Top of INFORMATION GIVEN

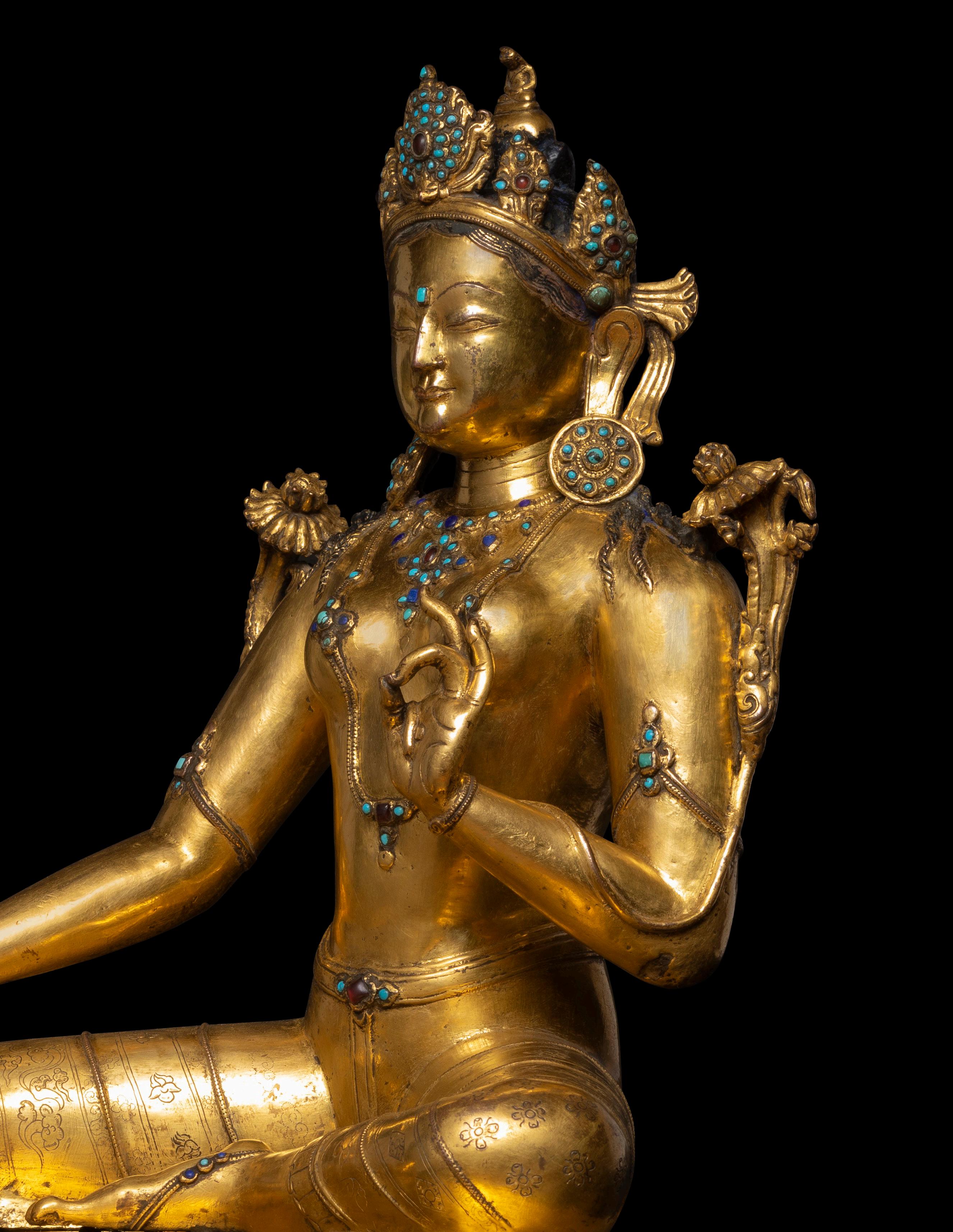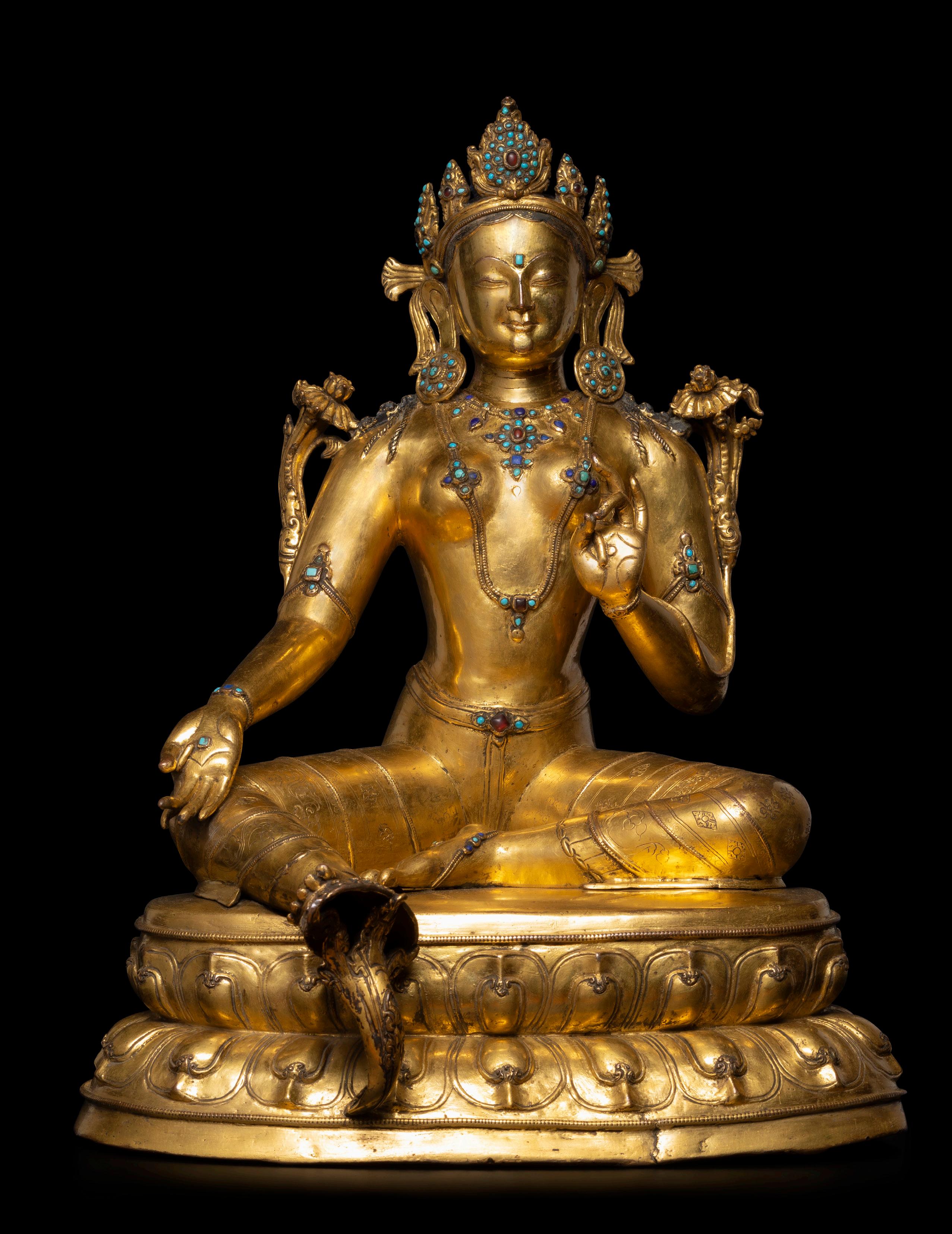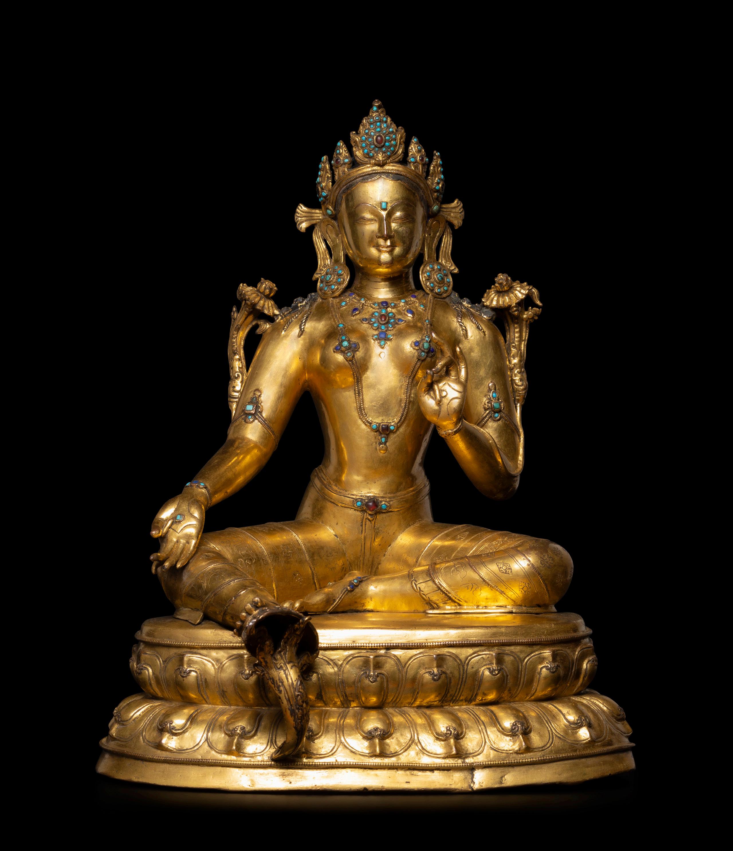 The present masterwork exhibits a Nepalese style developed for Tibetan patrons in central Tibet. Previously, the present sculpture was appropriately likened to murals of the Five Tathagatas in the South Chapel of Shalu monastery (just south of Shigatse), painted in the second quarter of the fourteenth century. The crown in particular can be found in the Belri or Nepalese style painting tradition that flourished in Tibet, epitomized by the fifteenth-century Gyantse Kumbum murals of Tsang Province (south-central Tibet). Prominent west-central Tibetan monasteries of the time, such as Shalu, Gyantse, Ngor, and Sakya, were particularly active in reinterpreting and perpetuating traditions associated with the Indo-Nepalese artistic styles imported from Nepal during the second dissemination of Buddhism. It is possible that the present sculpture, given its magnificent quality and size, was created for such a context. This large and beautiful figure of Green Tara is, admittedly, more pleasing in proportion, countenance, and ornamentation than a comparable gilt-bronze figure of Tara held in the aforementioned and important Shalu monastery (see U. von Schroeder, Buddhist Sculptures in Tibet, 2001, p. 967, no. 233B). It is an undeniable masterwork of art.
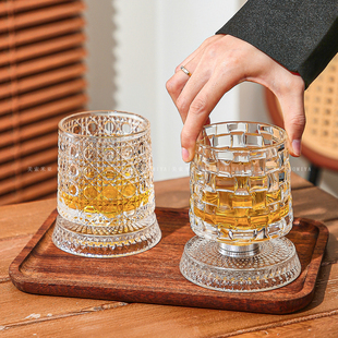 网红威士忌旋转酒杯高级感转转杯洋酒玻璃杯白兰地家用会转 杯子
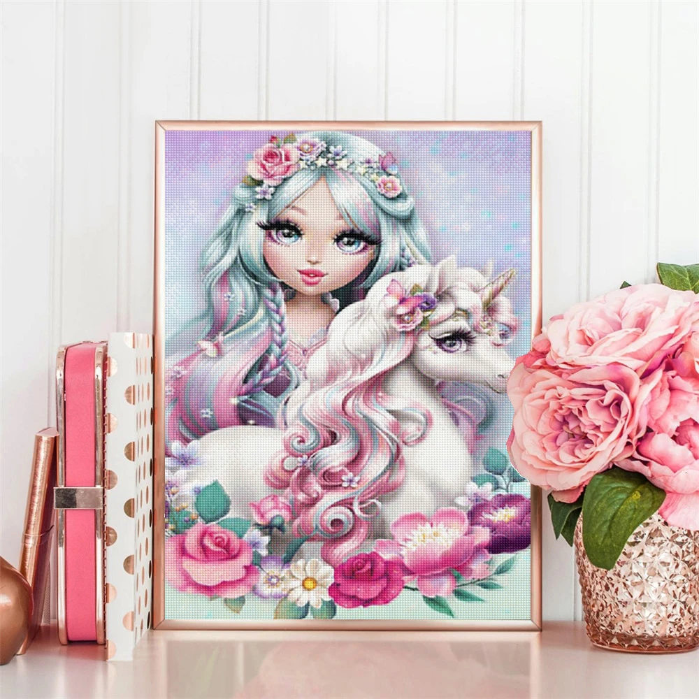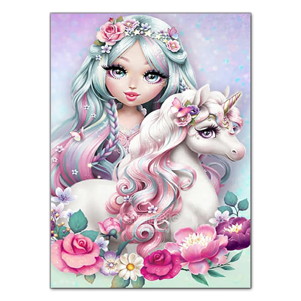 Алмазная 5D картина сделай сам, мультяшная девушка, заполненная алмазами, Волшебный Единорог стразы, мозаика ручной работы, украшение для детской комнаты и дома
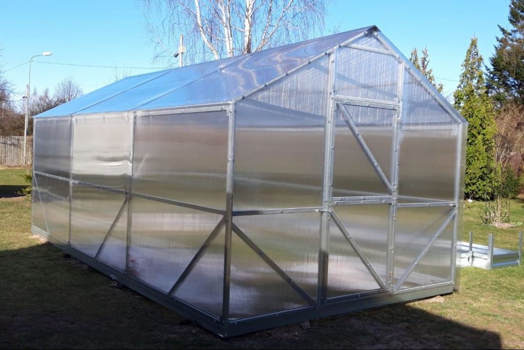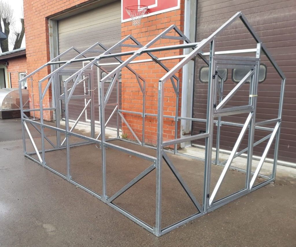 Из оцинкованного квадратного профиля Дверь на обоих концах с окном для проветривания. Поликарбонат 4мм. предлагаем так же с Поликарбонатом 6мм 850г/м2 У теплицы с покрытием 6мм торцы выполнены из 4мм поликарбоната В комплекте все необходимые для сборки болты и саморезы
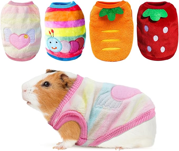 - Each guinea pig and rabbit clothes is designed with an adorable pattern, such as: pink magic love heart*1, rainbow caterpillar polka dots*1, red strawberries*1, orange carrots*1, which all look chic and generous, playful and cute

Bottom of INFORMATION GIVEN

## DIRECTIONS
With the pictures omitted, write out exactly the lines from the one that contains "Из оцинкованного квадратного" through the final line of the material above, both ends included.

## SOLVED PROBLEM
 Из оцинкованного квадратного профиля Дверь на обоих концах с окном для проветривания. Поликарбонат 4мм. предлагаем так же с Поликарбонатом 6мм 850г/м2 У теплицы с покрытием 6мм торцы выполнены из 4мм поликарбоната В комплекте все необходимые для сборки болты и саморезы
 - Each guinea pig and rabbit clothes is designed with an adorable pattern, such as: pink magic love heart*1, rainbow caterpillar polka dots*1, red strawberries*1, orange carrots*1, which all look chic and generous, playful and cute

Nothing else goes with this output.